You are asking 2 different questions, or rather you have 2 different tags on your question - repository and mirrors.
Most of the answers have already addressed the why and how behind mirrors. As one more anecdote (and the plural of anecdote is data!) I run a mirror of Mint, Ubuntu, and Debian simply to provide much quicker access in the computer lab I teach in. 20 folks all getting updates at once, or doing netinstalls, or ... goes much quicker at gigabit speed vs. the 5mb internet that feeds the building.
But repositories....
The ideas behind the repos for Ubuntu actually all start with Debian (which Ubuntu is heavily based on) and Debian's package management system which includes the apt
utilities in various versions and incarnations (apt
, apt-get
, aptitude
, etc). With the Debian package management system, a standard base system is told where to get software packages and updates from. This could be any number of sources - hard drives, cd-rom/dvd, network share, or via network protocol like http(s), ftp, and rsync. Part of this information includes what software is available, and what packages depend on what other packages all the way down to the base system.

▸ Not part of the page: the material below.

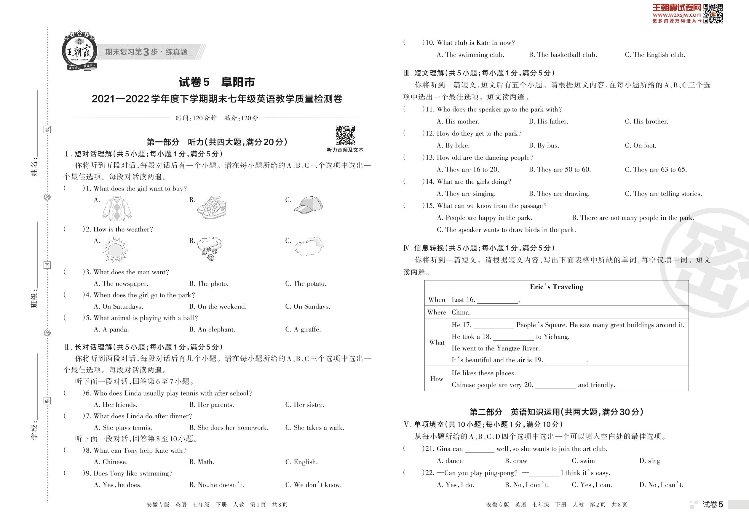 阜阳市2021—2022学年度下学期期末七年级英语教学质量检测卷(人教版)【5】
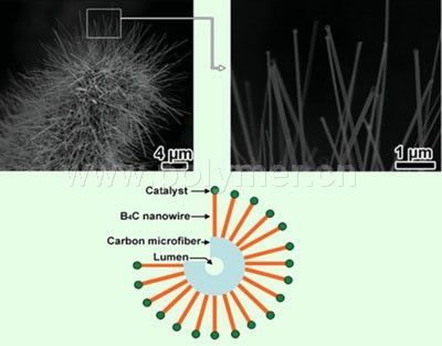 用掃描式電子顯微鏡得出的SEM照片顯示,在T恤衫纖維中結(jié)合了納米線陣列,圖表展示了交叉碳化硼涂層與碳微纖維交叉部分。

This allows you to run a command like apt-get install task-mate-desktop
and the package management system says "well, you need to have this version of libraryA installed, and that version of libraryB installed and foo version 3.14 and ... " and since it knows what you have installed, it knows what it needs to retrieve from the source (quite probably one of those mirrors you were asking about), and it goes gets what it needs and installs it all. Note that the GUI software management tools in Ubuntu et al. are all just front ends to apt and dpkg.
Now, the Debian/Ubuntu/Mint/etc. folks aren't the only ones doing stuff like this. The BSD releases and the ports collection as well as the pkg
tool, yum
for Redhat and similar distributions, the portage collection from Gentoo, and others.